(Recorded information)
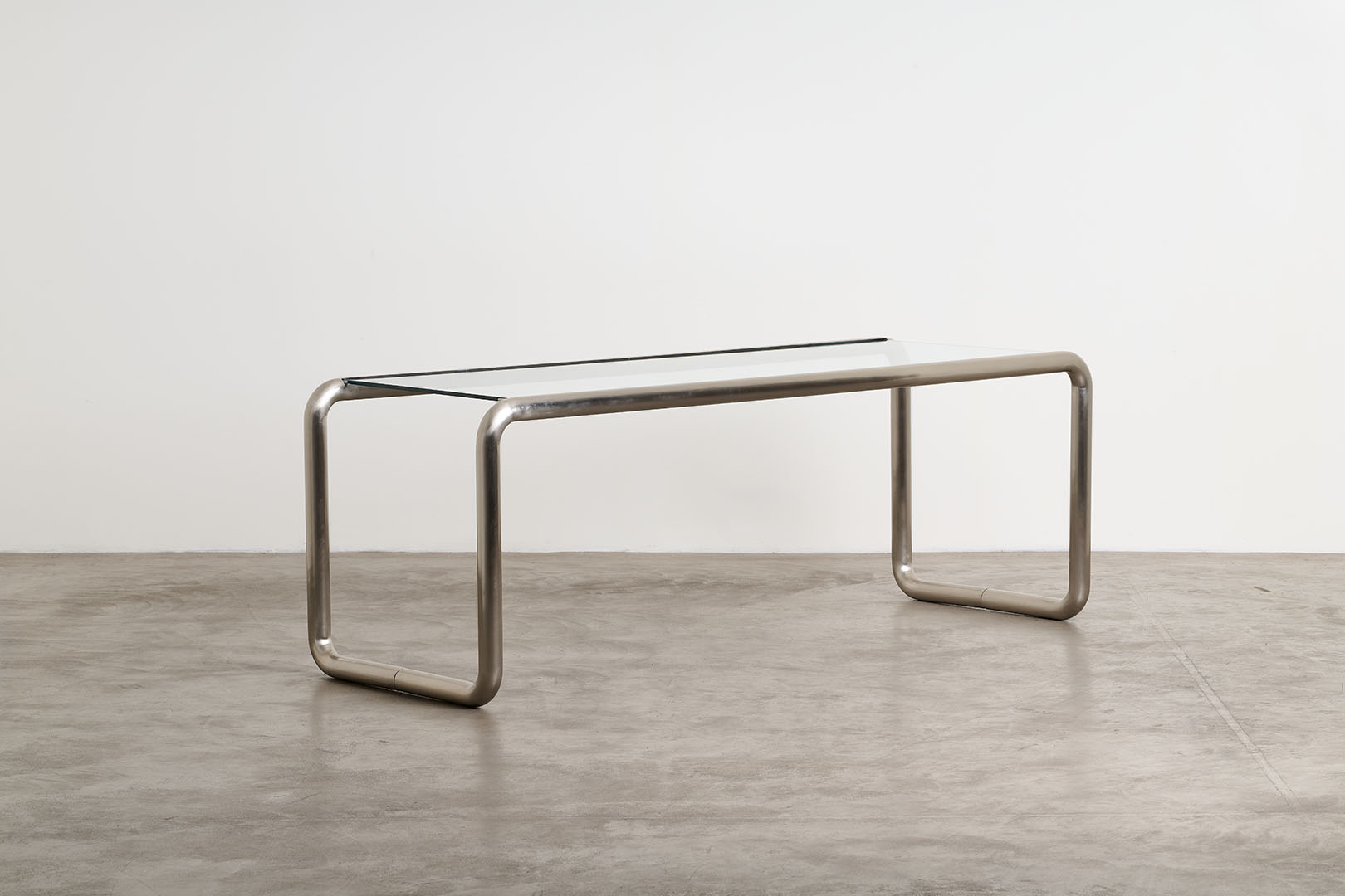 Yashar focuses the entire exhibition on a single material: metal. By dedicating the exhibit to this single theme, the display highlights the material’s versatile nature, featuring a wide array of finishes and techniques, including galvanized steel, aluminum, nickel-plated brass, chrome-plated steel, silver leaf and stainless steel sheets. The selection unites distinct historical periods, artistic movements and design languages under one cohesive narrative.
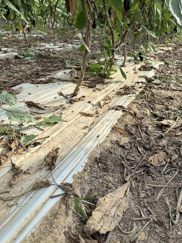 水を貯えず、表面を流れ落ち、わずかながら水を吸った土の水を少しでも逃がさぬようマルチはするが、うねは作らない。
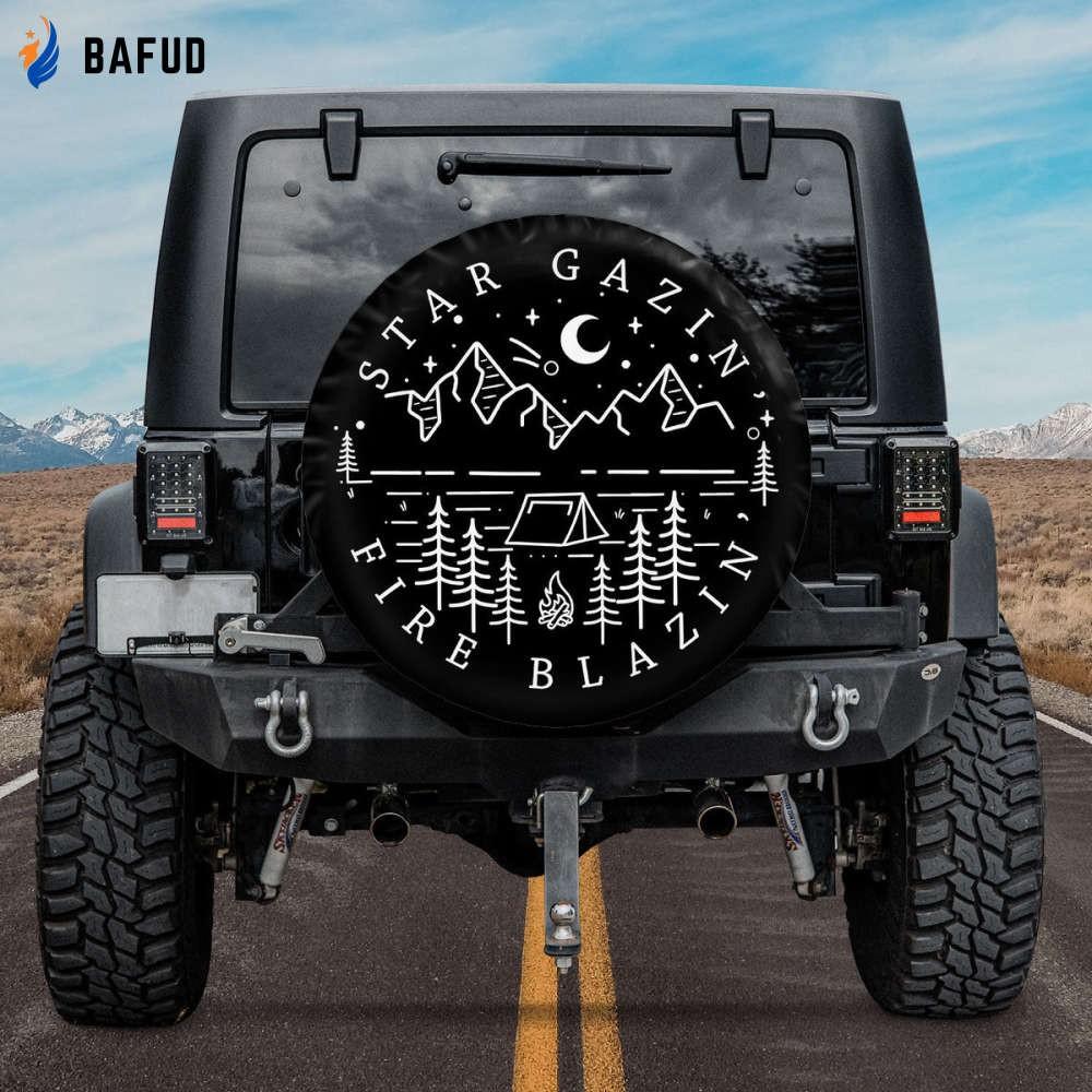Introducing the Star Gazin' Fire Blazin' Spare Tire Cover - the perfect accessory for all outdoor enthusiasts! Whether you're embarking on a thrilling camping adventure or hitting the road for a scenic drive, this tire cover is a must-have addition to your vehicle.
(End Recorded information)
## [Task statement]
Make a word-for-word repeat of the material, skipping all pictures.

## [Answer to this exercise]
 Yashar focuses the entire exhibition on a single material: metal. By dedicating the exhibit to this single theme, the display highlights the material’s versatile nature, featuring a wide array of finishes and techniques, including galvanized steel, aluminum, nickel-plated brass, chrome-plated steel, silver leaf and stainless steel sheets. The selection unites distinct historical periods, artistic movements and design languages under one cohesive narrative.
 水を貯えず、表面を流れ落ち、わずかながら水を吸った土の水を少しでも逃がさぬようマルチはするが、うねは作らない。
Introducing the Star Gazin' Fire Blazin' Spare Tire Cover - the perfect accessory for all outdoor enthusiasts! Whether you're embarking on a thrilling camping adventure or hitting the road for a scenic drive, this tire cover is a must-have addition to your vehicle.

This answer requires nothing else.